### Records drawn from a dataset
..........
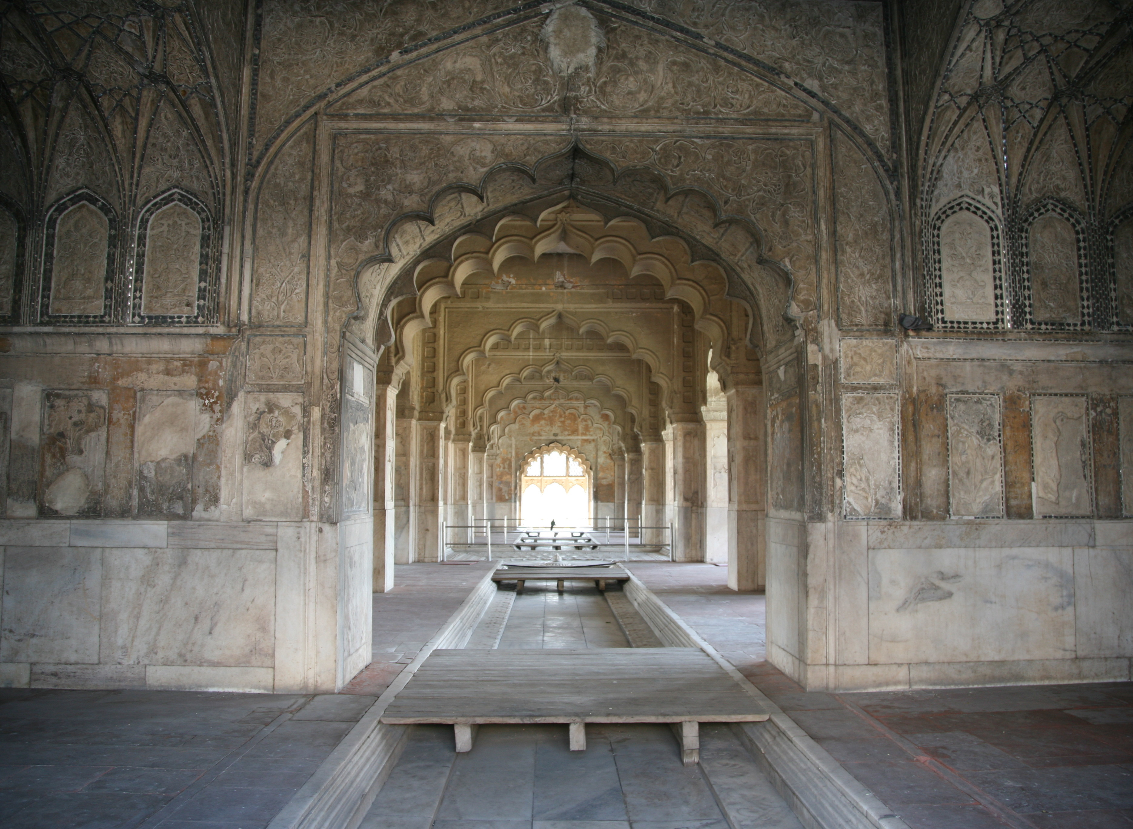 Rang Mahal at the Red Fort, Delhi
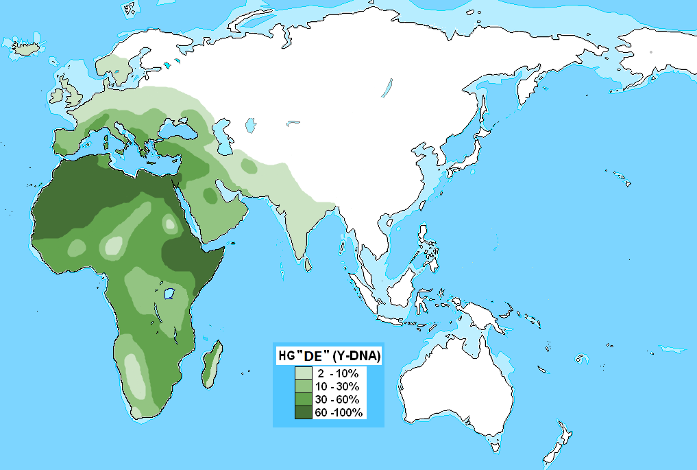 This map shows the average distribution of haplogroup E.
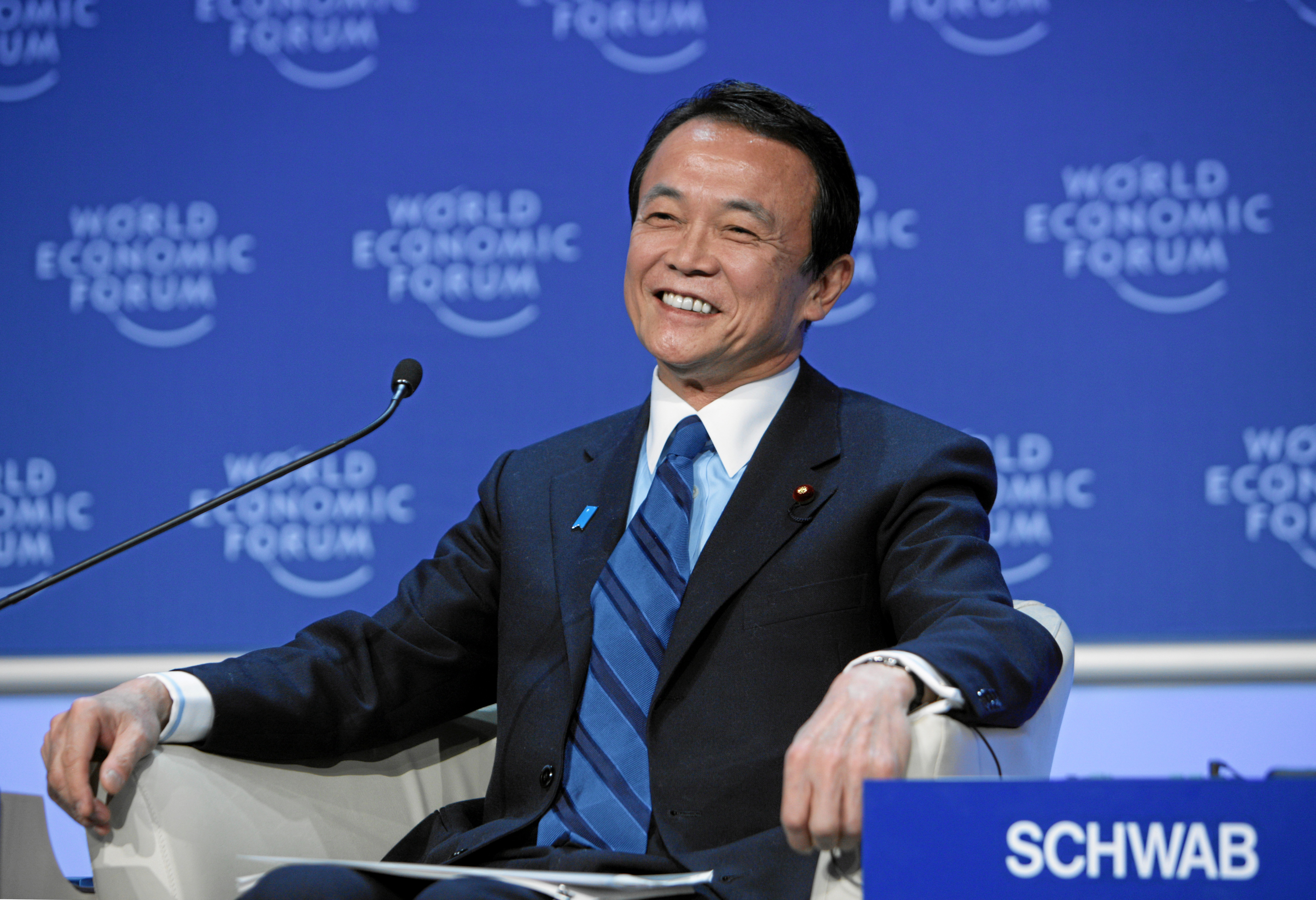 Japanese Prime Minister Taro Aso in 2009 WEF.
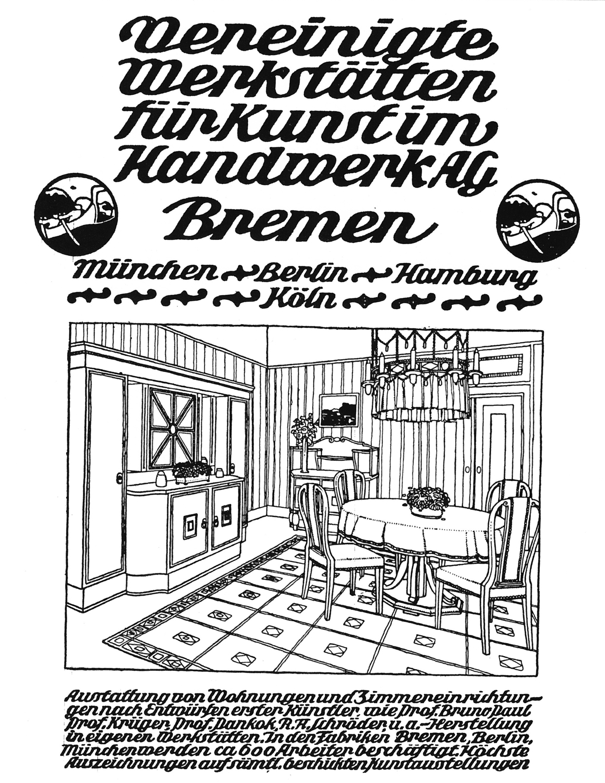 Advertisement of "Vereinigte Werkstätten", Bremen 1909
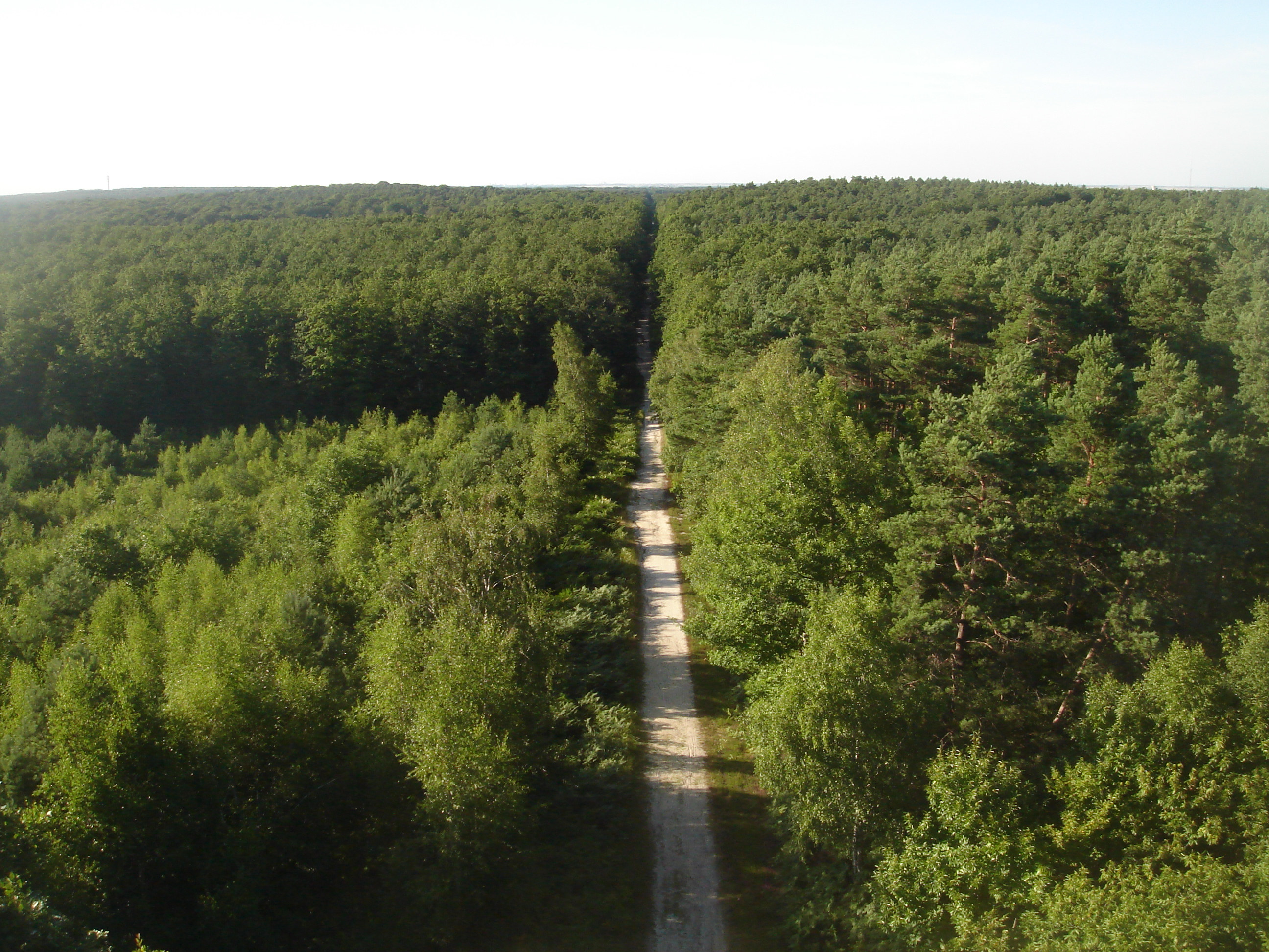 The Forest or Orléans from the Caillettes Observatory in Nibelle, Loiret, France
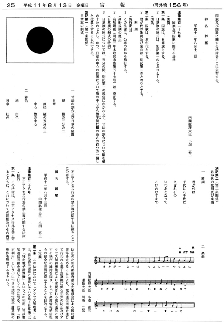 The appendix page of the Japanese Act on National Flag and Anthem
..........
### WHAT YOU NEED TO DO
Retype every entry word for word, but do not carry over the pictures.

### RESPONSE
 Rang Mahal at the Red Fort, Delhi
 This map shows the average distribution of haplogroup E.
 Japanese Prime Minister Taro Aso in 2009 WEF.
 Advertisement of "Vereinigte Werkstätten", Bremen 1909
 The Forest or Orléans from the Caillettes Observatory in Nibelle, Loiret, France
 The appendix page of the Japanese Act on National Flag and Anthem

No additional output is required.